Variants were extracted from sequences aligned to Wuhan-Hu-1 using iVar (v1.3, v1.3.1) (41), and variant codon effects were annotated using SnpEff (v5.0) (42) and SnpSift (v4.3t) (43). iSNVs were called using a frequency threshold of 0.03–0.97 and a per-nucleotide depth threshold of 1,000 reads. Commonly reported sequencing artifacts (18) were filtered from each sample, along with non-variant-associated SNPs that recurred across multiple participants within either cohort.

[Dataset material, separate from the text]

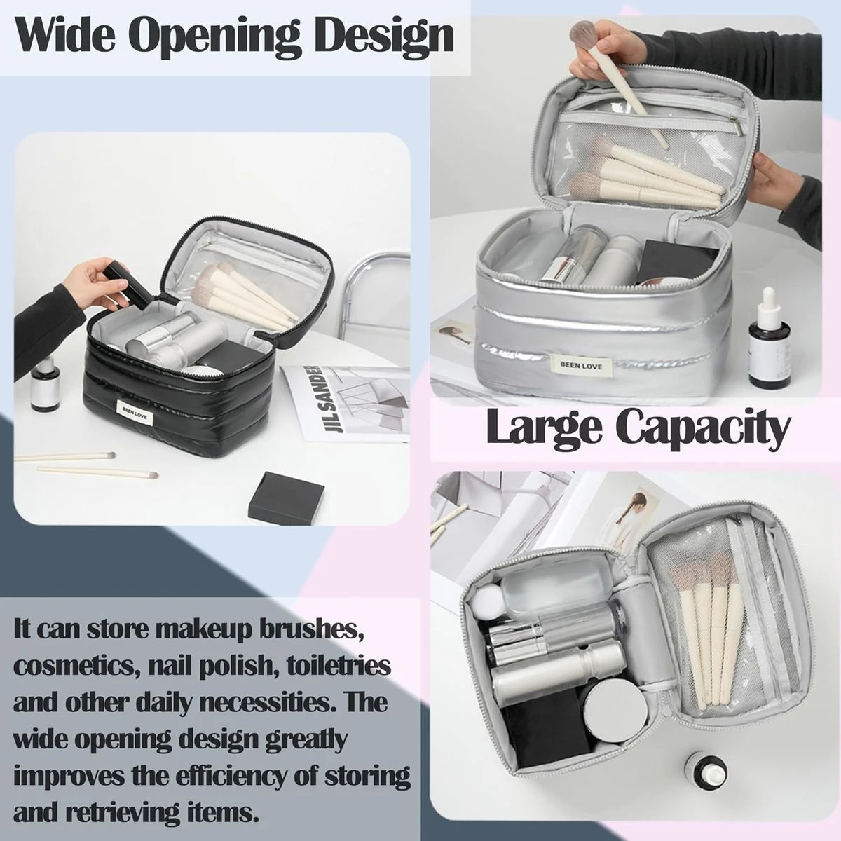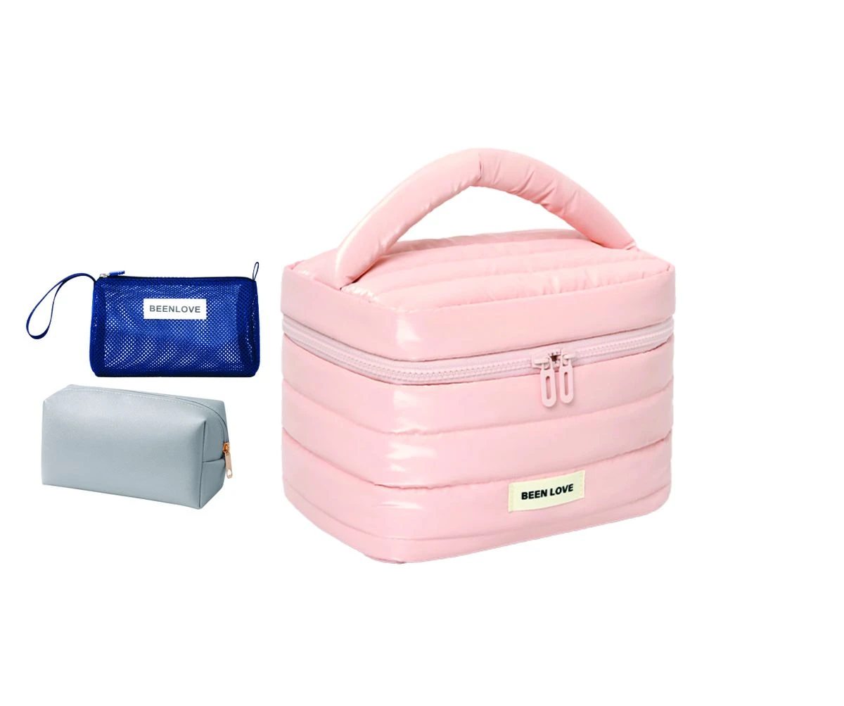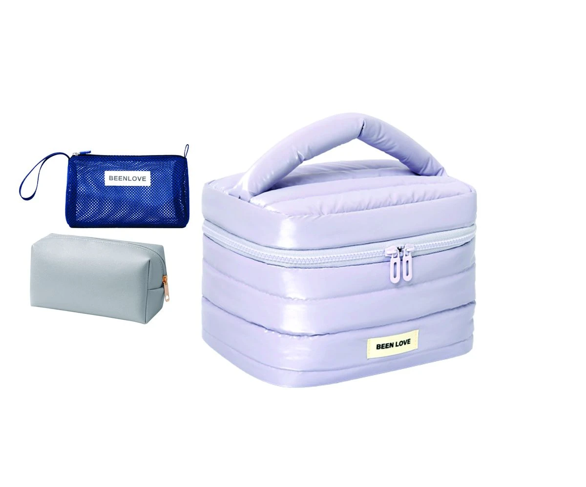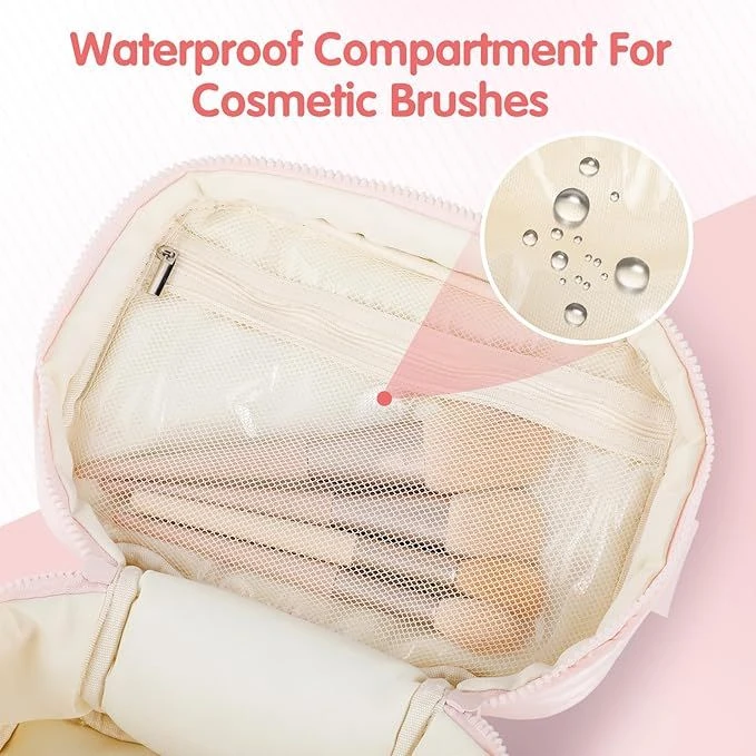 - Down jacket fabric, lightweight and waterproof: This bag is made of down jacket fabric, which is lightweight and easy to carry, easy to clean, allows you to quickly apply makeup after your daily commute or fitness workout, and has excellent waterproof and shock-absorbing properties, which can protect your cosmetics from moisture and cracking during outdoor activities or camping. Thanks to the use of quilting technology, the bag is long-lasting.

To identify high-confidence, “shared” iSNVs, variants were extracted if they met the following conditions: present above a frequency of 0.03 with a per nucleotide depth of at least 1,000 reads in at least two samples with Ct <26 (or CN <26), and present below a frequency of 0.97 in at least two samples. For each participant, variants present across two or more days of infection were extracted, and their frequencies were tracked. Although the frequency, depth, and Ct cutoffs described above were used to identify these shared variants, frequency tracking was performed on a data set curated without thresholds, to avoid cases in which variants crossing either threshold may erroneously appear to fall out of the data set. Therefore, all instances of these shared variants were then called from all samples. Variants with per-nucleotide coverage values below the cutoff were specially marked and plotted to indicate their low depth values. SnpEff annotations were used to characterize shared variants as synonymous, nonsynonymous, or untranslated and to assign them to the appropriate region of the SARS-CoV-2 genome.

Estimation of error

Standard error for iSNV frequency detection was calculated using SE(p)=((p(1p))/V), where p = detected iSNV frequency and V = viral genome load. Genome copies per milliliter was estimated from Ct using log10V = 14.24 − 0.28 * Ct (for saliva samples) and from CN using log10V = 11.35 − 0.25 * CN (for nasal samples) (16). Genome load was then estimated by approximating that 10 µL of extracted RNA went into each sequencing reaction.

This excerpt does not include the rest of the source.